Description
What version of Go are you using (go version
)?
go version devel +6e3a2b3 Tue Nov 7 15:04:53 2017 +0200 linux/amd64
Does this issue reproduce with the latest release?
Yes
What operating system and processor architecture are you using (go env
)?
GOARCH="amd64"
GOBIN=""
GOCACHE="/home/nsoffer/.cache/go-build"
GOEXE=""
GOHOSTARCH="amd64"
GOHOSTOS="linux"
GOOS="linux"
GOPATH="/home/nsoffer/go"
GORACE=""
GOROOT="/home/nsoffer/src/go"
GOTMPDIR=""
GOTOOLDIR="/home/nsoffer/src/go/pkg/tool/linux_amd64"
GCCGO="gccgo"
CC="gcc"
CXX="gcc++"
CGO_ENABLED="1"
CGO_CFLAGS="-g -O2"
CGO_CPPFLAGS=""
CGO_CXXFLAGS="-g -O2"
CGO_FFLAGS="-g -O2"
CGO_LDFLAGS="-g -O2"
PKG_CONFIG="pkg-config"
GOGCCFLAGS="-fPIC -m64 -pthread -fmessage-length=0 -fdebug-prefix-map=/tmp/go-build316051983=/tmp/go-build -gno-record-gcc-switches"
What did you do?
Test uploading files over https, note low throughput compared with similar Python program.
For example programs and benchmarks, see
https://github.com/nirs/http-bench/tree/go-bufsize
What did you expect to see?
Being able to control buffer size used by http.Client, similar to the way you can control the buffer size in io.CopyBuffer
.
What did you see instead?
Hardcoded value hidden deep in the code and my free time being wasted locating it :).
For example, here is output from strace:
[pid 32264] read(3, "\0\0\0\0\0\0\0\0\0\0\0\0\0\0\0\0\0\0\0\0\0\0\0\0\0\0\0\0\0\0\0\0"..., 4096) = 4096
[pid 32264] write(4, "\27\3\3\20\30\0\0\0\0\0\3l\"w\201\360W\307F=\215Zj&\6hj\253\343\20EN"..., 4125) = 4125
Use case
An example use case is uploading vm images to storage, for example, ovirt-imageio.
Initial proposal
Add Transport.WriteBufSize and Transport.ReadBufSize:
https://go-review.googlesource.com/#/c/go/+/76410/
Example usage:
t := &http.Transport{WriteBufSize: 128*1024}
client := &http.Client{Transport: t}
I tested the maximum benefit of this change by uploading data from
/dev/zero to a server discarding the data.

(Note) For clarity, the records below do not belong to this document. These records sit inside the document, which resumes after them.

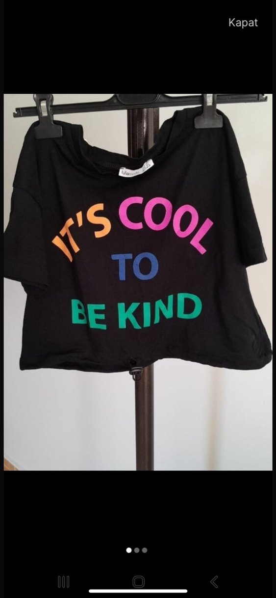 Pamuk siyah tişört, kısa kollu ve bol kesim. Üzerinde 'IT'S COOL TO BE KIND' renkli baskı bulunur, sokak stili için uygun.
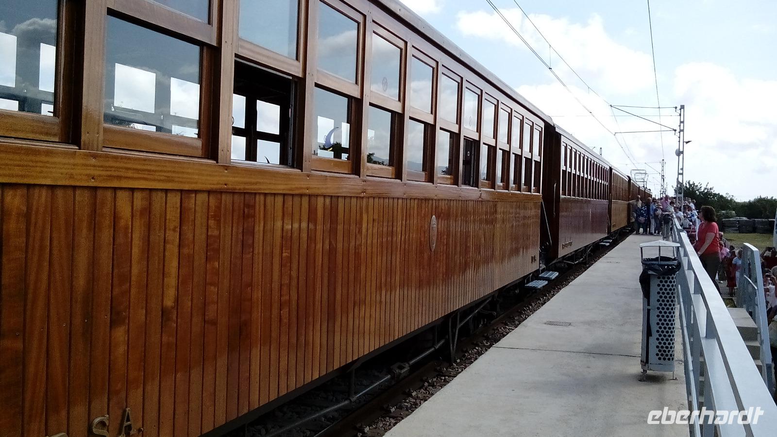 -mit altmodischem Zug (1913) durch viele Tunnel im Tramuntana-Gebirge bis Son Reus (son = von)
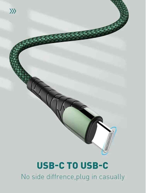دارای کانکتور های فلزی مقاوم از نوع تایپ سی، مناسب انتقال داده و شارژ با توان عبوری 65 وات پشتیبانی از فناوری شارژ سریع، کابل مقاوم در برابر کشش و خمیدگی به طول 100 سانتی متر با روکش الیاف بافته شده مجهز به محافظ پلاستیکی در قسمت اتصال کانکتور
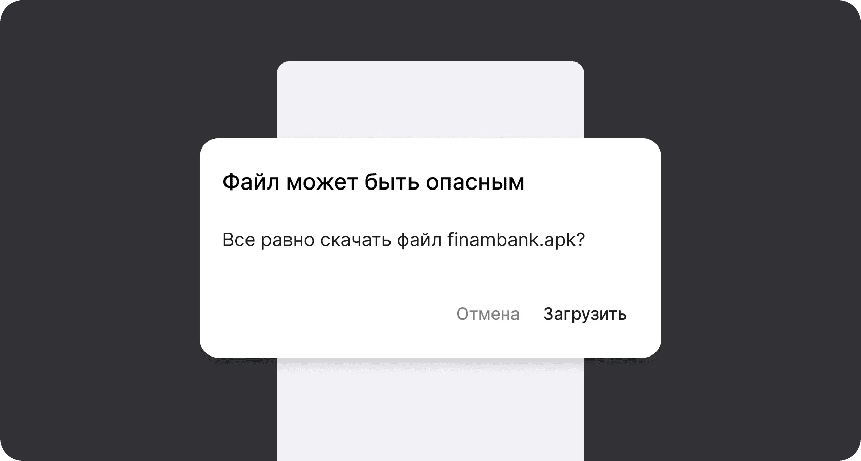 На экране может появиться системное предупреждение о безопасности — это стандартная реакция системы при загрузке файлов с веб-сайта. Если вы скачали файл с официального сайта finambank.ru, он безопасен. Загрузите его и подтвердите действие при необходимости
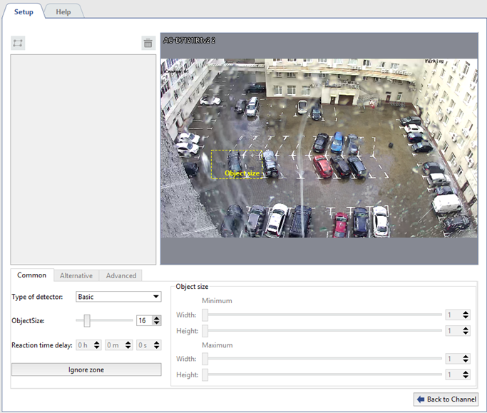 Using Object size settings determine an approximate size of the object, the detector will respond to.
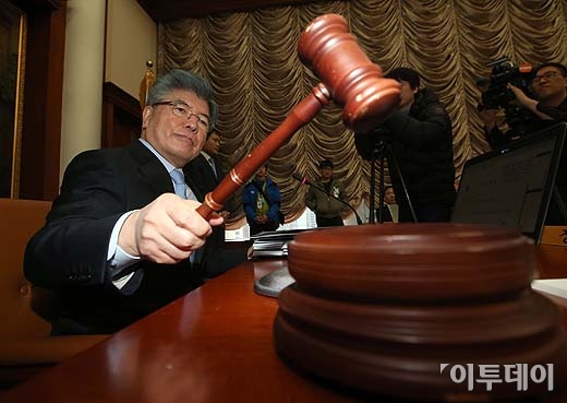 김중수 한국은행 총재가 14일 오전 서울 중구 남대문로 한국은행 본점에서 열린 '3월 금융통화위원회 전체회의'에서 의사봉을 두드리고 있다. 방인권기자 bink7119@
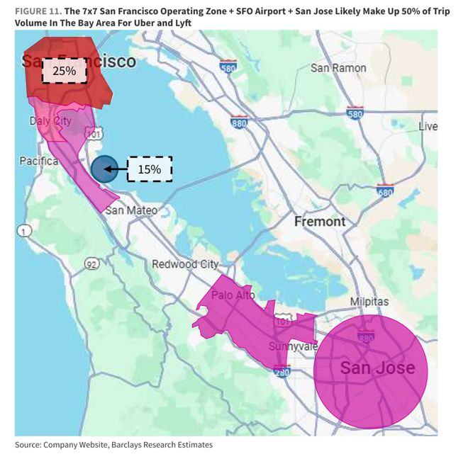 Robotaxi瞄准的市场并非全面铺开,而是高度集中的核心区域。以旧金山为例,市中心7×7英里的运营区域加上旧金山国际机场,占据了该地区总行程的40%。如果加上近期新增的郊区和圣何塞区域,Robotaxi可触达的市场约占Uber和Lyft当地总需求的50%-60%。
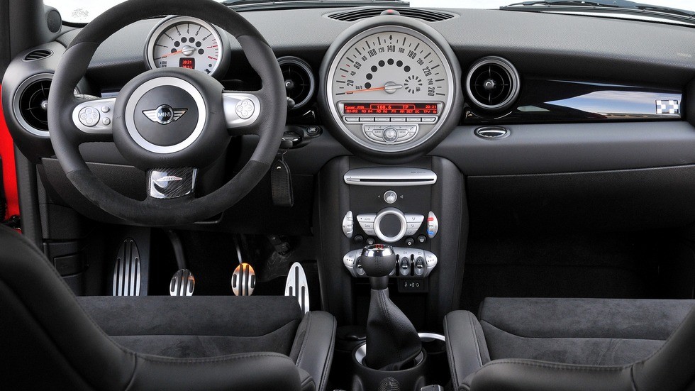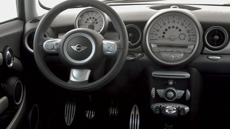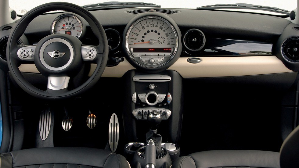 А в 2006 году не было и необходимости менять силовую структуру. Если вы читали обзор про Mini R50/R53, то знаете, что внешние панели по большей части были чисто декоративными. Только задние крылья и задняя дверь — это "фиксированные" стальные элементы. Так что поменять дизайн не было проблемой вообще, а внутри все такой же практичный и прочный каркас. Стиль оформления салона также оставили прежним, а самый бросающийся в глаза элемент, «блюдце» спидометра по центру, остался и вовсе неизменным.

Here is an example upload
using the default buffer size:
$ time ./upload 10 https://localhost:8000/
Uploaded 10.00g in 25.13 seconds (407.49m/s)
real 0m25.135s
user 0m5.167s
sys 0m11.643s
With this change, using 128k buffer size:
$ time ./upload 10 https://localhost:8000/
Uploaded 10.00g in 7.93 seconds (1291.51m/s)
real 0m7.935s
user 0m4.517s
sys 0m2.603s
Tested on Lenovo T450s
Intel(R) Core(TM) i7-5600U CPU @ 2.60GHz
In real world usage the difference will be smaller, depending on the
local and remote storage and the network.